> PROBLEM DESCRIPTION: Word for word, restate the entries below and exclude every image.

> DATASET RECORDS:
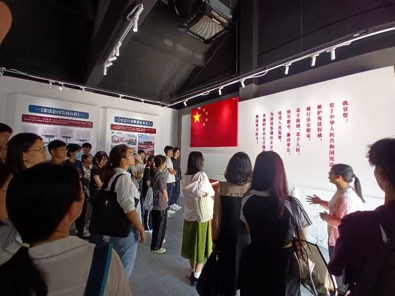 师生代表首先参观了西塘宪法教育展览馆。作为全国首个在乡村建设的宪法馆,该馆陈列着精心整理的文献资料、影像图片、漫画故事等,在工作人员的讲解下,师生们详细了解了我国宪法的发展历程和主要内容。工作人员重点讲解了与“三农”相关的宪法条文和相关实践,大家切实感受到宪法对于保障人民权益起到的根本性作用。乡村宪法馆既有时代性又有生活气息,营造了乡村崇法尚智的良好氛围。
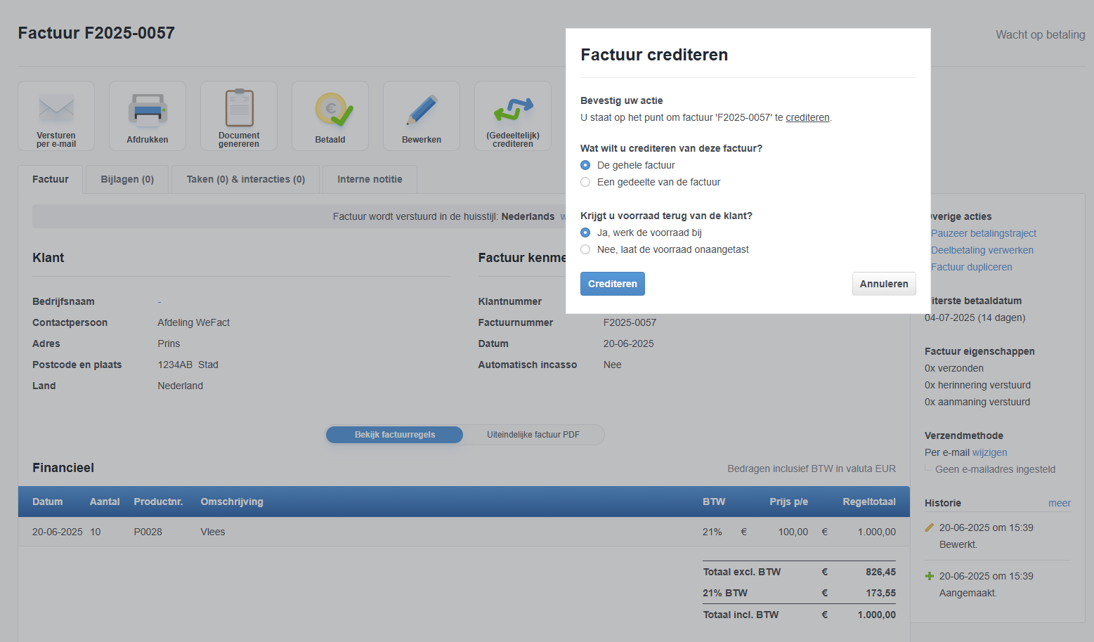 Soms komt het voor dat een factuur wordt gecrediteerd. Dit kan invloed hebben op uw voorraad. Bij crediteren van een factuur kunt u nu kiezen wat u met de voorraad wil doen. U kunt de voorraad bijwerken of u kunt de voorraad onaangetast laten.
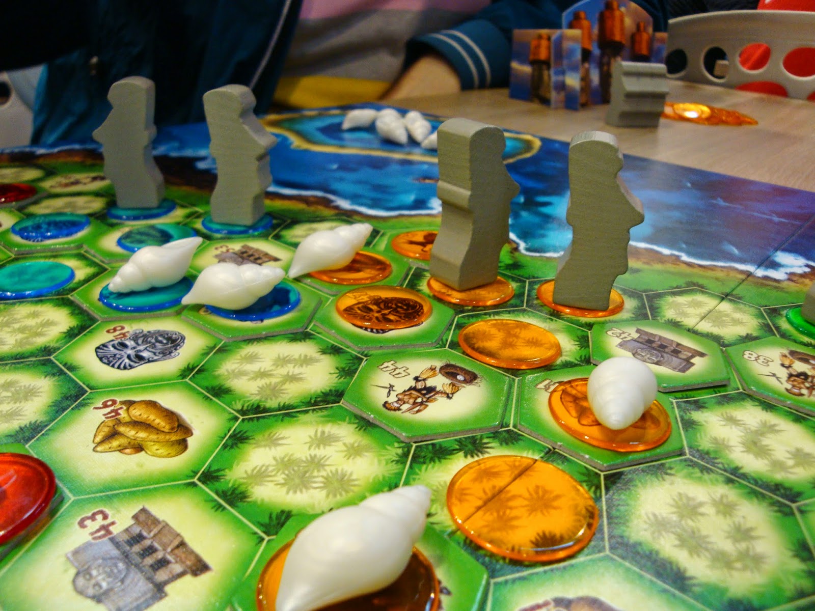 We vonden vervolgens een plekje in de Ravensburger stand. Peter Hein wilde Orongo graag proberen. Dit spel stond hoog op zijn wishlist, maar Rogier en Frank hadden het spel op vrijdag gespeeld en er weinig aan gevonden. Daardoor was het spel van blind kopen gezakt naar try before you buy. Orongo speelt zich af op Paaseiland. De spelers moeten aan de slag om grondstoffen te verzamelen waarmee ze de bekende beelden (Moai) kunnen maken. De grondstoffen verzamel je door ze te claimen door er een fiche op te leggen. Als je vervolgens twee fiches met de juiste grondstoffen verbonden hebt (een keten van fiches) dan kan je die gebruiken om een beeld te bouwen. Iedere ronde wordt er door middel van een veiling bepaald wie hoeveel fiches mag leggen. De winnaar moet zijn inleg betalen aan de bank en als iemand niets heeft geboden dan mag diegene het geld uit de bank pakken. Orongo is dus een combinatie tussen een veilingspel en een combinatiespel en legspel. Ik vond het redelijk suf, maar de heren waren er alle drie wel over te spreken. Try dus before you buy!
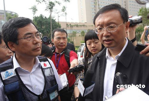 5月30日,中國外交部部長楊潔篪前往四川大學(xué)華西醫(yī)院看望日本醫(yī)療隊,高度贊揚了他們對地震災(zāi)區(qū)民眾的關(guān)心和國際人道主義精神。中新社發(fā) 黃榮 攝
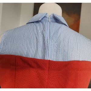 Chic dress with vibrant red and blue stripes. Ideal for everyday wear.

> OUTPUT OF THE EXERCISE:
 师生代表首先参观了西塘宪法教育展览馆。作为全国首个在乡村建设的宪法馆,该馆陈列着精心整理的文献资料、影像图片、漫画故事等,在工作人员的讲解下,师生们详细了解了我国宪法的发展历程和主要内容。工作人员重点讲解了与“三农”相关的宪法条文和相关实践,大家切实感受到宪法对于保障人民权益起到的根本性作用。乡村宪法馆既有时代性又有生活气息,营造了乡村崇法尚智的良好氛围。
 Soms komt het voor dat een factuur wordt gecrediteerd. Dit kan invloed hebben op uw voorraad. Bij crediteren van een factuur kunt u nu kiezen wat u met de voorraad wil doen. U kunt de voorraad bijwerken of u kunt de voorraad onaangetast laten.
 We vonden vervolgens een plekje in de Ravensburger stand. Peter Hein wilde Orongo graag proberen. Dit spel stond hoog op zijn wishlist, maar Rogier en Frank hadden het spel op vrijdag gespeeld en er weinig aan gevonden. Daardoor was het spel van blind kopen gezakt naar try before you buy. Orongo speelt zich af op Paaseiland. De spelers moeten aan de slag om grondstoffen te verzamelen waarmee ze de bekende beelden (Moai) kunnen maken. De grondstoffen verzamel je door ze te claimen door er een fiche op te leggen. Als je vervolgens twee fiches met de juiste grondstoffen verbonden hebt (een keten van fiches) dan kan je die gebruiken om een beeld te bouwen. Iedere ronde wordt er door middel van een veiling bepaald wie hoeveel fiches mag leggen. De winnaar moet zijn inleg betalen aan de bank en als iemand niets heeft geboden dan mag diegene het geld uit de bank pakken. Orongo is dus een combinatie tussen een veilingspel en een combinatiespel en legspel. Ik vond het redelijk suf, maar de heren waren er alle drie wel over te spreken. Try dus before you buy!
 5月30日,中國外交部部長楊潔篪前往四川大學(xué)華西醫(yī)院看望日本醫(yī)療隊,高度贊揚了他們對地震災(zāi)區(qū)民眾的關(guān)心和國際人道主義精神。中新社發(fā) 黃榮 攝
 Chic dress with vibrant red and blue stripes. Ideal for everyday wear.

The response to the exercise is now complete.